Dalam konteks inilah, provokasi menyudutkan Islam bukanlah cara yang tepat untuk memperteguh semangat moderasi di kalangan muslim. Radikalisasi Islam mesti dicairkan secara lebih genuine dan otentik dengan melakukan gerakan dakwah yang menyuguhkan semangat moderasi, toleran, dan damai. Hal ini dilakukan melalui gerakan kultural yang bisa menyadarkan kepada umat bahwa Islam sebagai agama tidak mengajarkan tindakan terorisme.

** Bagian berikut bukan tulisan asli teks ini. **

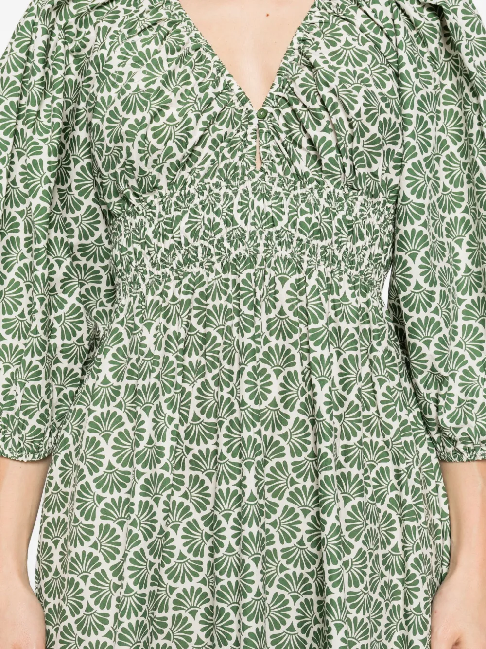Присборенный лиф с зеленым цветочным принтом, V-образный вырез, рукава три четверти, рукава-буфы.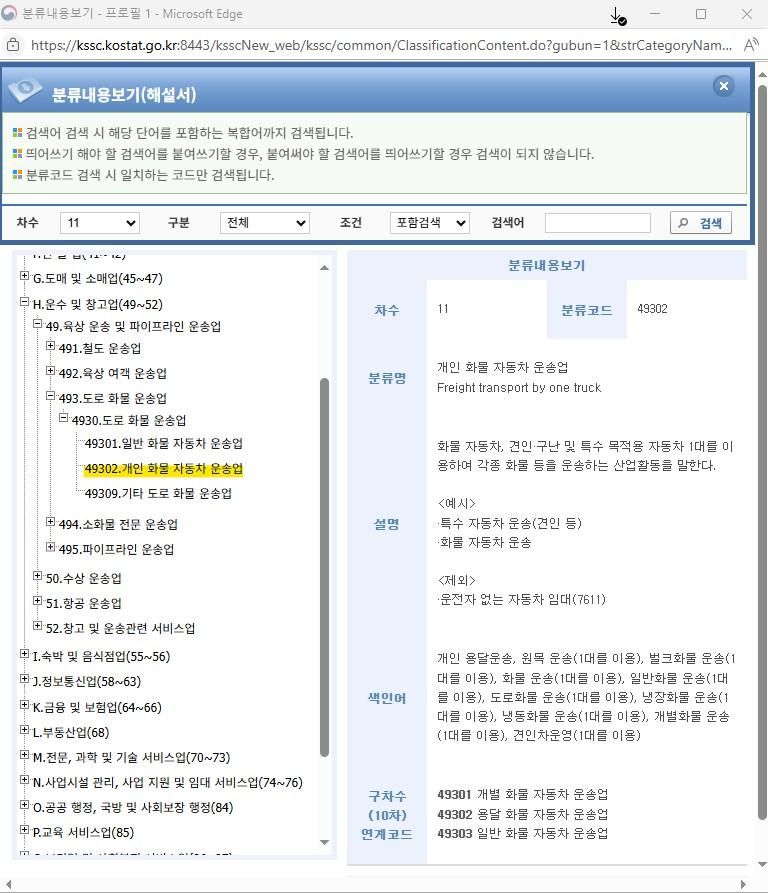 업종코드 602310 개인 화물자동차 운송업으로 물류산업에 포함되는 것 같긴 한데

Dari Media Indonesia, 27 September 2002

BELAKANGAN ini tudingan Indonesia sebagai sarang terorisme terus diperbincangkan. Bocoran laporan dinas intelijen Amerika Serikat, CIA, yang disebarluaskan majalah terkemuka Time, telah menghentakkan perhatian kita kepada gerakan Islam di Tanah Air. Apa sebab? Karena dokumen yang didasarkan atas pengakuan Umar Al Farouk, seseorang yang diduga sebagai agen tertinggi jaringan Al-Qaeda di Asia Tenggara, menyebutkan keterkaitan organisasi Islam di Indonesia ke dalam jaringan terorisme. Tak pelak lagi, perhatian kita tertuju kepada Front Pembela Islam (FPI), Laskar Jihad, dan Majelis Mujahidin, yang selama ini dicurigai memiliki keterkaitan dengan jaringan Al-Qaeda.

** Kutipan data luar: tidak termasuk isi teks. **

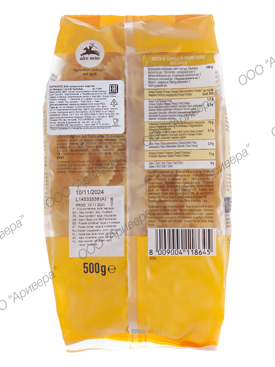 Макароны Alce Nero Farfalle Biologici-Organic 500г

Apakah mungkin Islam di Indonesia sudah berubah corak dari Islam yang berwajah damai menjadi Islam berwajah teroris? Bukankah mayoritas masyarakat muslim di Indonesia justru menunjukkan watak yang moderat dan damai? Karena itulah, hal yang positif ketika Duta Besar Amerika Serikat (AS) untuk Indonesia, Ralp L Boyce, saat berdialog dengan sejumlah ormas Islam di Kantor PP Muhammadiyah baru-baru ini, mengklarifikasi bahwa pihaknya maupun pemerintah AS tidak menilai kelompok/organisasi Islam terlibat dalam jaringan teoris internasional (Media Indonesia, 26/9/2002). Boyce hanya mengatakan adanya indikasi jaringan terorisme internasional, Al-Qaeda, berkeliaran di Indonesia.

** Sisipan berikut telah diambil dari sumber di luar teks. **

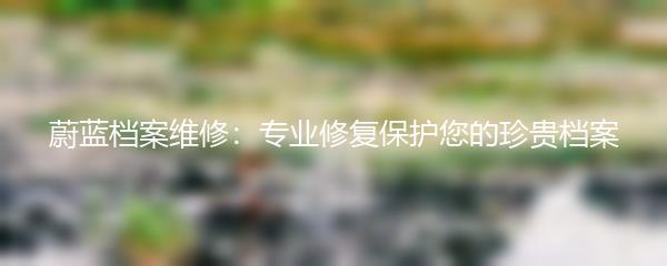 蔚蓝档案维修是一家专业的档案修复公司,致力于修复和保护各类珍贵档案。无论是受损、老化还是破损的档案,我们都能为您提供优质的修复服务。通过我们的努力,您的档案能够焕发新生,得到长久的保存。

Penegasan Dubes AS ini menunjukkan iktikad baik pemerintahnya untuk berdialog dengan ormas Islam, sekaligus menilai Islam di Indonesia secara objektif, bukan dilandasi oleh kecurigaan yang berlebihan. Terutama dengan maraknya gerakan Islam radikal, yang semakin menegaskan dirinya untuk melakukan perubahan secara mendasar ke dalam nilai-nilai Islam dan semakin kritis terhadap kebijakan politik AS yang berkenaan dengan dunia Islam.

Ancaman Islam

Tampaknya setelah tragedi kelabu 11 September tahun lalu, kekhawatiran pemerintah AS terhadap ancaman terorisme tetap berlanjut. Sehingga mereka terus melakukan upaya serius untuk membasmi terorisme di mana pun, termasuk dugaan keberadaannya di Indonesia. Tapi sayangnya, kebijakan politiknya sangat membabi buta, dan tidak didasarkan pada kenyataan objektif. Sehingga kecurigaan AS terhadap gerakan Islam radikal di Timur Tengah berlanjut ke kawasan Asia Tenggara. Pertumbuhan gerakan Islam yang sangat pesat di Indonesia ternyata telah memancing kecurigaan pemerintah AS untuk melihat Islam di dalamnya dan kemungkinan terkait dengan jaringan terorisme. Itu sebabnya, pemerintah AS terkesan menggeneralisasi Islam di Indonesia sebagai sarang teroris.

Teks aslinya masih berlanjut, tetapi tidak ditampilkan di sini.